Allein dieser Teil der Gala mit geschätzten 100 beteiligten Kindern und Jugendlichen wäre schon abendfüllend gewesen. Doch am Tanzstudio Klein findet nicht nur der klassische Tanz statt. Das bewiesen die jungen Erwachsenen, die nun, jeder in seinem eigenen Stil, ihren ganz persönlichen Beitrag zur Gala ihrer Tanzschule leisteten, darunter vier Kulturförderpreisträger.
Laura Summer bot einen Walzer nach Grete Wiesenthal, einer Piomit nierin des freien Tanzstils Anfang des 20. Jahrhunderts. Die Befreiung des Weiblichen, Mut und Emanzipation wurden in ihrer Darbietung unmittelbar deutlich.
Ulrike Ahrens bewies mit „Ich hätt’ getanzt heut Nacht“, dass sie auch im Musical-Stil singen kann, und tanzte elegant-frivol zu „Don’t Rain on My Parade“.
Elf Stepptänzer und Stepptänzerinnen lieferten sich einen humorvollen rhythmischen Wettstreit.
Anna-Maria Johannes beeindruckte mit ihrer Choreografie „Frei sein“im modernen Stil durch wilde, kraftvolle Gesten. Tatsächlich erweckte sie den Eindruck eines um sich schlagenden, wütenden Kindes (an einem rostigen Gitter hängend), das sich aus seiner Gefangenschaft freikämpft, schließlich als leuchtender Schmetterling (beleuchtete Flügel im Dunkeln) ans Licht findet und per Video-Projektion einen Pas de deux mit sich selbst tanzt.
Im neoklassischen Stil, mit Spitzentanz, aber modern, bewegte sich Maria Engel zu einem cool-jazzigen Bossanova. Hier vereint sich brillante Technik mit erotischer Eleganz und intensiver persönlicher Ausstrahlung und zeigt eine gereifte, souveräne tänzerische Persönlichkeit, die tief beeindruckt.

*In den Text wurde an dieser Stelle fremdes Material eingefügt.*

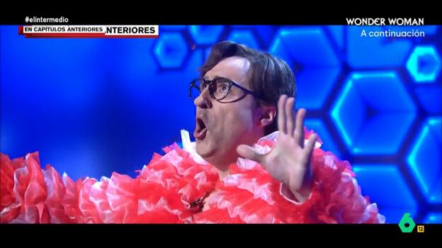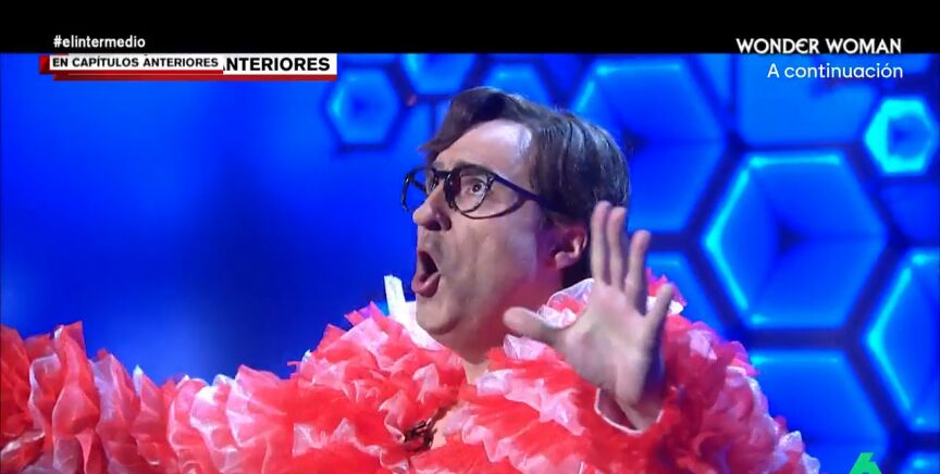 El humorista se atrevió incluso a ponerse el llamativo estilismo de Nemo, compuesto por una falda blanca y una chaqueta en tono rosa pero sin olvidar uno de los accesorios más característico de Illa: sus gafas de pasta.

Gänzlich frei gemacht von jeder Konvention hat sich der Sohn des Hauses, Dustin Klein, Demi Solist am Bayerischen Staatsballett. Mit viel Humor hat er sich, gemeinsam mit Matteo Dilaghi, einem Kollegen vom Bayerischen Staatsballett, die bayerische Volksmusik vorgenommen.

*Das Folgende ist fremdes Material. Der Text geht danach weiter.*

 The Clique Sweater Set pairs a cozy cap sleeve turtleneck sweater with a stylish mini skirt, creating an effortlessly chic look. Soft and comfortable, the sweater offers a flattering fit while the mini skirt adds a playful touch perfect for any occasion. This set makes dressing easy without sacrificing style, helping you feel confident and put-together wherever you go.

Die beiden Tänzer spielten mit den Mitteln des modernen Tanzes zu Landler, Polka und Boarischem, deuteten Raufereien an und alle möglichen männlichen Bierzelt-Posen, ja, leerten zum Schluss sogar noch eine Flasche Bier. „Wer ko, der ko“, heißt die Choreografie, und wirklich, die beiden jungen Männer zeigten, was man zur Volksmusik außer Volkstanz noch alles tanzen kann. Ein Beitrag zum Schmunzeln und Staunen.
Viermal wurde die Gala am Wochenende hintereinander aufgeführt, welche logistische Leistung. Welches Engagement von Kindern, Eltern und jungen Künstlern, aber auch von den Lehrkräften, die das gigantische Programm mit den begeisterten Kindern einstudiert haben. Eine Gala, die dieser Institution des Tanzes in Landsberg würdig war und wieder einmal deren Anspruch und Leidenschaft unter Beweis stellte.